*** STORED DATA ***
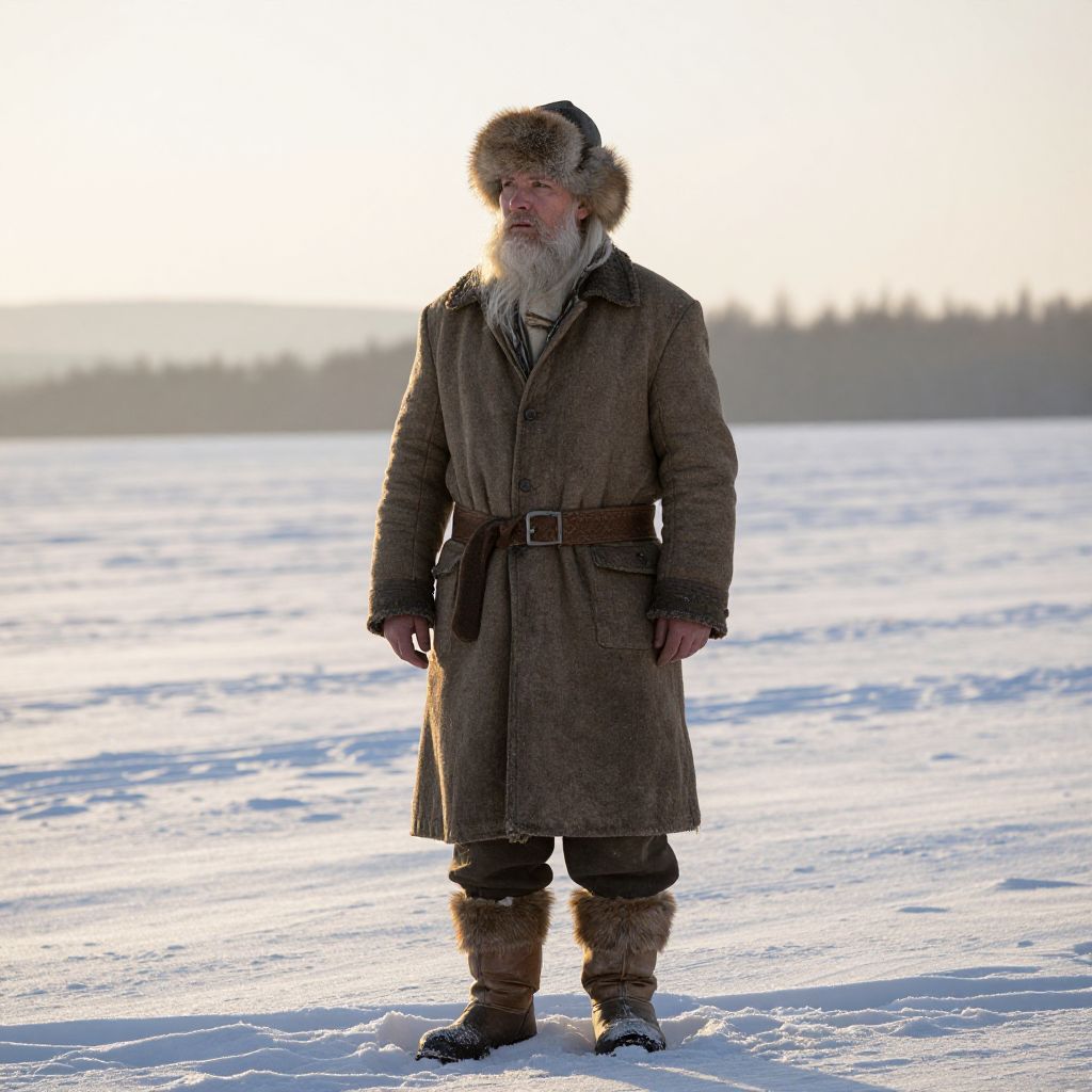 A man with a long, white beard and a weathered fur-lined hat is standing on a snowy, quiet winter landscape. He is wearing a brown, slightly worn coat with a thick belt, paired with sturdy, fur-trimmed boots. His posture is calm and composed, as if he's been standing there for a long time, observing the serene snow-covered world around him. The snow glistens under a soft, golden morning light, and the scene exudes a sense of stillness, mystery, and timeless solitude.
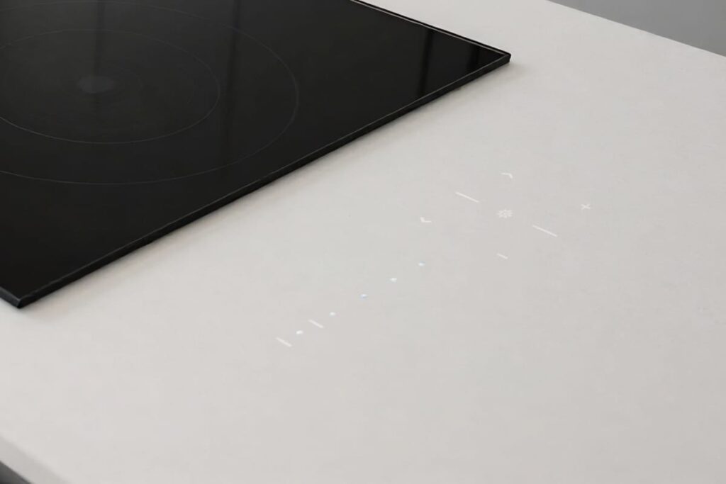 Der Loxone Touch Surface Tree verfügt über sechs Tastpunkte zur Bedienung der wichtigsten Funktionen eines Raumes. Bei Berührung einer Taste erfolgt ein Aufleuchten von LEDs und ein Klicken als akustische Bestätigung. Das Gerät kann unter einer nicht leitenden Fläche von bis zu 30mm Stärke montiert werden, die Berührungserkennung erfolgt durch das Material hindurch. Es kann Stein, Holz, Keramik oder Glas zum Einsatz kommen. Technische Details: 9 … 28 VDC 304x115x18mm / 12x4.53x0.71” (LxWxH)
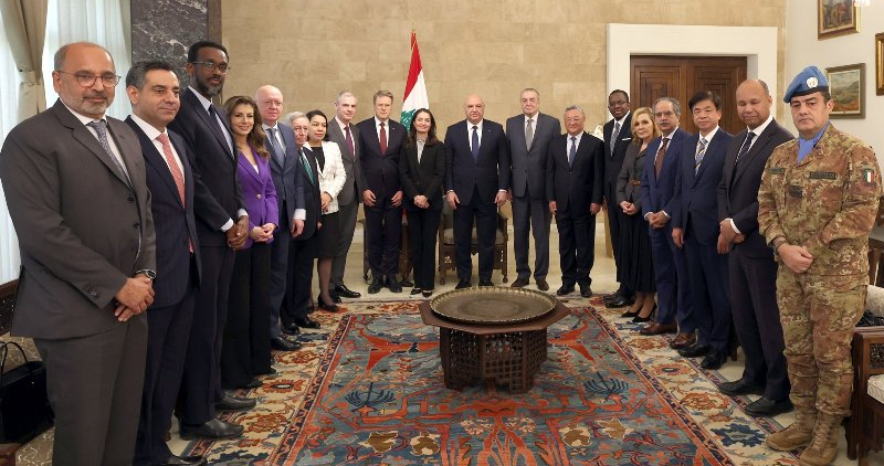 Le président de la République, le général Joseph Aoun, a reçu une délégation de diplomates et de représentants des missions des pays membres du Conseil de sécurité de l’ONU en visite au Liban.
***
WHAT IS REQUIRED:
Your task is to repeat exactly the lines from the beginning of the data to the line that contains "Der Loxone Touch", both ends included, leaving out pictures.

RESPONSE:
 A man with a long, white beard and a weathered fur-lined hat is standing on a snowy, quiet winter landscape. He is wearing a brown, slightly worn coat with a thick belt, paired with sturdy, fur-trimmed boots. His posture is calm and composed, as if he's been standing there for a long time, observing the serene snow-covered world around him. The snow glistens under a soft, golden morning light, and the scene exudes a sense of stillness, mystery, and timeless solitude.
 Der Loxone Touch Surface Tree verfügt über sechs Tastpunkte zur Bedienung der wichtigsten Funktionen eines Raumes. Bei Berührung einer Taste erfolgt ein Aufleuchten von LEDs und ein Klicken als akustische Bestätigung. Das Gerät kann unter einer nicht leitenden Fläche von bis zu 30mm Stärke montiert werden, die Berührungserkennung erfolgt durch das Material hindurch. Es kann Stein, Holz, Keramik oder Glas zum Einsatz kommen. Technische Details: 9 … 28 VDC 304x115x18mm / 12x4.53x0.71” (LxWxH)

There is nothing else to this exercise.